Когда через час он вернулся на условленное место, полиция была уже там. Здоровенный детина выламывал саксофон из Вовкиных рук, а тот не хотел отдавать, но и бежать без инструмента тоже явно не собирался. Рядом другой детина-полицейский меланхолично наблюдал схватку, не вмешиваясь в нее.
Саша замер. Встревать было бесполезно. Оставалось разыгрывать роль случайного прохожего, глазеющего на колоритную сценку.
Наконец, первый полицейский здорово крутанул инструмент, и новенький саксофон, блеснув в воздухе, звонко грохнулся о мостовую и распался на составные части. Вовка ахнул и нагнулся за «дудкой», как он ее называл — нагнулись и оба полицейских, но за обломки уже не было никакой схватки. Что-то опять звякнуло, и еще раз, второй детина что-то сказал первому, они повернулись и медленно пошли прочь.
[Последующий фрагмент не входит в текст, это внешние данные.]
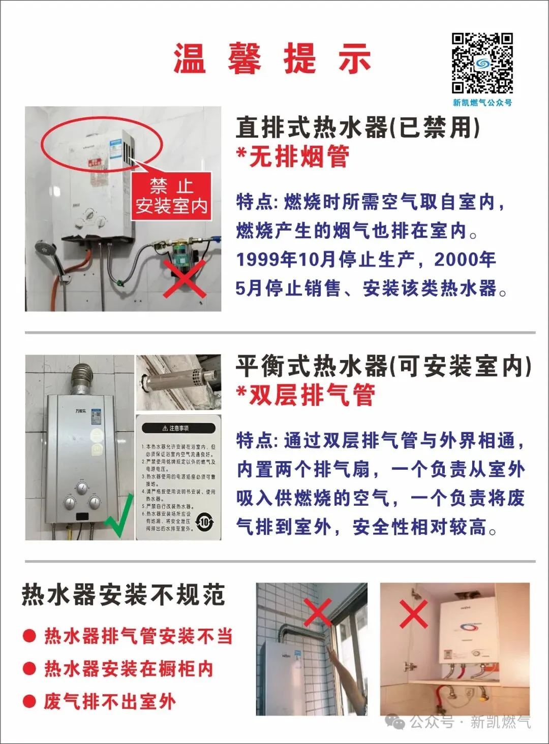 作为守护您全家用气安全的伙伴,新凯燃气始终将市民用气安全放在首位。今天就为大家梳理降温季用气安全要点,重点讲解热水器使用禁忌、一氧化碳中毒防范,以及如何快速分辨合格热水器,愿每一户家庭都能温暖过冬、安全用气。
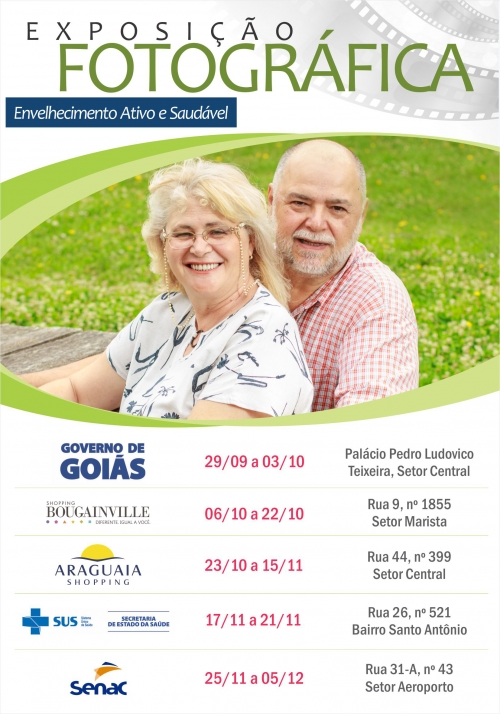 São 30 imagens que serão expostas inicialmente no Palácio Pedro Ludovico Teixeira, entre os dias 29 de setembro e 03 de outubro. Em seguida, no Shopping Bougainville, de 06 a 22 de outubro; Araguaia Shopping entre os dias 23 de outubro e 15 de novembro; Sistema Único de Saúde (SUS) e Secretaria de Estado da Saúde, de 17 a 21 de novembro, e tem como destino final o hall do Senac Elias Bufáiçal, entre os dias 25 de novembro e 05 de dezembro. As exposições têm como objetivo destacar este público que cresce a cada ano e transforma as diretrizes sociais.
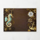 Wooden Background with Mechanical Seahorse Tri-Fold Announcement

Вовка сидел на корточках и плакал. Саша подошел, сел рядом и почему-то стал нежно гладить металическую трубку со свежей вмятиной на боку.
— Вот суки, а, — выдохнул с жалобным всхлипом Вовка, — нарочно ведь, мурло ментовское, дудку сломал. Пенальти, говорит, заплатишь, а пока арестую инструмент. А ломать-то, блин, на хрена? Ты ж видел, он потом нарочно об стенку захреначил, и каблуком гребанул — конкретно помял, теперь не починишь.
— Может, случайно он?
— Хренайно! А где этот мудрила гребаный, бразилейро недоделанный? Я ему, помидору гнойному, хлебальничек-то начищу.
Вовка рванулся в ту сторону, где должен был стоять Педро. Саша — следом, чтобы предотвратить разборки прямо тут, на улице — тогда ведь могут действительно в полицию загрести.
Педро на улице не было. Вовка вмазал кулаком по ближайшей стене — как только руку до крови не расшиб! — и поплелся обратно, подбирать обломки своего саксофона, которые уже звенели под ногами какого-то парня с лицом дегенерата. Вовка подскочил к парню, но драться не стал, наклонился к обломкам — и вдруг сам пнул ногой самую большую трубу, и она покатилась метра на три, пугая прохожих. Чинить там было уже нечего.
Вовка переживал потерю саксофона как гибель близкого человека. Никогда больше об этом не заговаривал и не выказывал никаких эмоций, но весь как-то сник и стал равнодушен.
В тот день они вдвоем с Сашей довольно долго бродили по улицам, потом вернулись в Вовкину общагу. Вошли в его комнату и оказалось, что там уже сидит недоумевающий Педро.
— Where were you? [41] — спросил он раздраженно.
— We?! Where you were, fucking… fucking… — Вовка со своим скудным английским никак не мог подобрать что-нибудь подходящее, — fucking fool! [42]
41
Где вы были? (англ.)
42
Мы?! Ты где был, гребаный, гребаный… гребаный дурак! (англ.)